This Feb. 9, 2017 file photo shows Gloria Bolden Williams, then 51, at the Duval County Courthouse in Jacksonville, Fla. (Photo: Bruce Lipsky/The Florida Times-Union via AP, File)

Just a few years ago, a rite of passage for most American teenagers became an earth-shattering revelation for Alexis Manigo. When Manigo, now 19, attempted to get her driver’s license, the woman who had raised her since infancy, Gloria Williams, now 52, admitted to her that the teen did not have a valid birth certificate or Social Security card—because Williams had kidnapped her from a hospital shortly after she was born in July 1998.

The girl’s birth name was Kamiyah Mobley, and she had been born in Jacksonville, Florida to Shanara Mobley and Craig Aiken. Just hours into her life, she was taken by Williams, who dressed in scrubs and posed as medical staff in order to trick the infant’s mother into handing her over. She then placed the newborn in a bag and took her from the hospital, bringing her to South Carolina where she would raise her for the next 18 years, according to The Associated Press.

Today, Williams was sentenced to 18 years for the kidnapping, and handed an additional 5-year sentence for custody interference, to be served concurrently, the AP reports. She pleaded guilty to the crime in February of this year. By pleading guilty, Williams avoided the possibility of a life sentence. Under the plea agreement, Williams could have received a minimum of no prison time and a maximum of 22 years.

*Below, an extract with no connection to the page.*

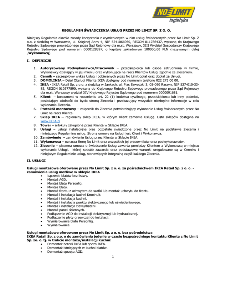 REGULAMIN ŚWIADCZENIA USŁUG PRZEZ NO LIMIT SP. Z O. O. Niniejszy Regulamin określa zasady korzystania z wymienionych w nim usług świadczonych przez No Limit Sp. Z o.o. z siedzibą w Warszawie, ul. Księżnej Anny 4, NIP 5241066960, REGON 011786437, wpisaną do Krajowego Rejestru Sądowego prowadzonego przez Sąd Rejonowy dla m.st. Warszawy, XIII Wydział Gospodarczy Krajowego Rejestru Sądowego pod numerem 0000128397, o kapitale zakładowym 100000,00 PLN (nazywanym dalej „Wykonawcą). I. DEFINICJE 1. Autoryzowany Podwykonawca/Pracownik – przedsiębiorca lub osoba zatrudniona w firmie, Wykonawcy działający w jej imieniu oraz wykonująca na rzecz Klientów Usługi zgodnie ze Zleceniem. 2. Cennik – szczegółowy wykaz Usług i pobieranych przez No Limit opłat oraz dopłat za Usługi. 3. DOMOLINIA – Dział Obsługi Klienta IKEA dostępny pod numerem telefonu 022 275 00 00. 4. IKEA - IKEA Retail Sp. z o.o. z siedzibą w Jankach, ul. Plac Szwedzki 3, 05-090 Raszyn, NIP 527-010-3385, REGON 010577890, wpisaną do Krajowego Rejestru Sądowego prowadzonego przez Sąd Rejonowy dla m.st. Warszawy wydział XIV Krajowego Rejestru Sądowego pod numerem 0000091681. 5. Klient – konsument w rozumieniu art. 22 (1) kodeksu cywilnego, przedsiębiorca lub inny podmiot, posiadający zdolność do bycia stroną Zlecenia i przekazujący wszystkie niezbędne informacje w celu wykonania Zlecenia. 6. Protokół montażowy – załącznik do Zlecenia potwierdzający wykonanie Usług świadczonych przez No Limit na rzecz Klienta. 7. Sklep IKEA – regionalny sklep IKEA, w którym Klient zamawia Usługę. Lista sklepów dostępna na www.IKEA.pl 8. Towar – artykuły zakupione przez Klienta w Sklepie IKEA. 9. Usługi – usługi instalacyjne oraz pozostałe świadczone przez No Limit na podstawie Zlecenia i niniejszego Regulaminu usług. Stroną umowy na Usługi jest Klient i Wykonawca. 10. Zamówienie – zamówienie Usług przez Klienta w Sklepie IKEA. 11. Wykonawca – oznacza firmę No Limit oraz wszystkich jej pracowników oraz podwykonawców. 12. Zlecenie – pisemna umowa o świadczenie Usług zawarta pomiędzy Klientem a Wykonawcą w miejscu wykonania Usługi, której sposób zawarcia oraz podstawowe warunki uregulowane są w Cenniku i niniejszym Regulaminie usług, stanowiących integralną część każdego Zlecenia. II. USŁUGI Usługi montażowe oferowane przez No Limit Sp. z o. o. za pośrednictwem IKEA Retail Sp. z o. o. zamówienia usług możliwe w sklepie IKEA Łączenie blatów bez listwy. Montaż AGD. Montaż blatu Personlig. Montaż blatu. Montaż frontu z uchwytem do szafki lub montaż uchwytu do frontu. Montaż i instalacja kuchni Knoxhult. Montaż i instalacja kuchni. Montaż i instalacja punktu elektrycznego lub oświetleniowego. Montaż i instalacja zlewu/baterii. Montaż paneli ściennych. Podłączenie AGD do instalacji elektrycznej lub hydraulicznej. Podłączenie płyty grzewczej do instalacji. Wymiarowanie blatu Personlig. Wymiarowanie. Usługi montażowe oferowane przez No Limit Sp. z o. o. bez pośrednictwa IKEA Retail Sp. z o.o. o do zamówienia jedynie w czasie bezpośredniego kontaktu Klienta z No Limit Sp. zo. o. tj. w trakcie montażu/instalacji kuchni: Demontaż baterii IKEA lub spoza IKEA. Demontaż istniejących w kuchni blatów. Demontaż sprzętu AGD. 1 1. 2. 3. 4. 5. 6. 7. 8. Demontaż zlewu IKEA lub spoza IKEA. Instalacja gniazd elektrycznych 230V Instalacja zaworów hydraulicznych. Montaż akcesoriów dodatkowych. Montaż i podłączenie dodatkowego oświetlenia IKEA. Montaż i podłączenie punktu oświetlenia spoza IKEA. Montaż i podłączenie taśmy LED spoza IKEA. Montaż nóżek kuchennych spoza IKEA. Przerabianie szafek kuchennych. Przerobienie blatów Personlig przy wymiarowaniu klienta. Wykonanie szafki/półek z paneli maskujących/blatów z montażem. Cena za Usługi zamawiane w IKEA są wyliczane według Cennika ( Załącznik nr. 1 A ) i zakresu zlecanych prac. Ceny za usługi montażowe oferowane przez No Limit Sp. z o.o. bez pośrednictwa IKEA, są wymienione w Cenniku ( Załącznik nr. 1B ). IKEA w zakresie Usług wynikających z Cennika i Regulaminu Usług pełni rolę pomocniczą dla Klienta i Wykonawcy. W Sklepie IKEA Klient dokonuje Zamówienia, które przekazywane jest do Wykonawcy. Przekazane zlecenie zawiera ostateczną datę wykonania Usług oraz inne niezbędne informacje do prawidłowego wykonania Usług. IKEA nie jest stroną umowy między Klientem a Wykonawcą i nie ponosi odpowiedzialności za ewentualne nieprawidłowości w wykonaniu Zlecenia. Cena wskazana w Zamówieniu jest szacunkowa i nie wiążąca, za wyjątkiem sytuacji jej potwierdzenia przez Punkt Obsługi Transportowej IKEA (dotyczy tylko: zakup Usług za pomocą kredytu w banku Ikano Bank GmbH (Sp. z o.o.) Oddział w Polsce, bądź ich opłacenia przelewem bankowym). Klient dokonuje opłaty gotówką za Usługę bezpośrednio u Autoryzowanego Podwykonawcy/ Pracownika po jej zrealizowaniu, z zastrzeżeniem punktu 6 poniżej. Opłata za zrealizowaną Usługę pobierana jest zgodnie z uzgodnionym i zaakceptowanym przez Klienta przed rozpoczęciem montażu ostatecznym zakresem prac i kosztem ustalonym przez Autoryzowanego Podwykonawcę/Pracownika w Zleceniu. Po wykonanej usłudze klient otrzymuje protokół montażowy na którym widnieje kwota za zrealizowaną usługę, na życzenie klienta wykonawca wysyła fakturę lub paragon w ciągu 7 dni od zakończenia usługi. W sytuacji gdy finansowanie Usług ma się odbyć za pomocą kredytu w Ikano Bank GmbH (Sp. z o.o.) Oddział w Polsce, bądź ich opłacenia przelewem bankowym zapłata za Usług dokonywana jest w Sklepie IKEA po złożeniu Zamówienia.. W przypadku płatności za Usługę w Sklepie IKEA Klient zobowiązany jest do okazania dowodu płatności ( paragon lub faktura VAT ) za Usługę Autoryzowanemu Podwykonawcy/Pracownikowi firmy No Limit. Potwierdzenie wykonania Usługi następuje w momencie złożenia podpi

Williams testified that she had had a miscarriage and was in an abusive relationship about a month prior to the kidnapping, and did not have custody of her two other children, according to the AP.

“I felt like I was on autopilot. My life was out of control, I lost everything,” Williams said, saying that she had not planned the kidnapping when she drove from South Carolina to Jacksonville, according to the AP.

This composite image made available by the Jacksonville Sheriff's Office in Jacksonville, Fla., shows a photo of Kamiyah Mobley, an infant baby girl who was kidnapped by a woman, seen in separate sketches first provided by police in 1998 during the initial search. (Image: Jacksonville Sheriff's Office via The Associated Press)

Williams was arrested in January 2017, after an anonymous tip was made to the National Center for Missing and Exploited Children, who were assisted by the FBI in investigating the missing child’s whereabouts. Mobley, who had been renamed to “Alexis Manigo” by Williams, had told a friend about her true identity after Williams had revealed it to her, according to the AP.

Manigo was not present at the sentencing hearing or in court during Williams’ guilty plea in February, according to news reports. However, Manigo has maintained a relationship the woman she knew as her mother and has previously stated she did not want Williams to receive a harsh sentence, according to the The Florida Times-Union.

“There are no winners and no losers in this case,” Judge Marianne Aho said at the sentencing hearing. “The family in this case suffered not knowing what happened to their child for approximately 18 years.”

The young woman who was born as “Kamiyah Mobley” reconnected with her birth parents after Williams’ arrest and their relationship has developed since then, Aiken told the Times-Union.

In this undated photo made available by Bamberg Legal, Kamiyah Mobley, center, takes a selfie with her biological parents, Shanara Mobley and Craig Aiken. (Photo: Kamiyah Mobley/Bamberg Legal via AP)

The day that the infant Mobley was kidnapped, hospital staff had allowed Williams to enter the facility, believing her to be a relative of the child’s mother, CNN previously reported. Shanara Mobley was awarded $1.5 million in a lawsuit settlement with the hospital in 2000.

Between 1965 and March 2018, 140 infants were abducted from health care facilities, according to the National Center for Missing and Exploited Children—of those, only five remained missing as of March. Infants six months or younger were more likely to be kidnapped from a healthcare facility than anywhere else, according to the NCMEC data, and in about 73 percent of these abductions, the perpetrator disguised themselves as hospital staff.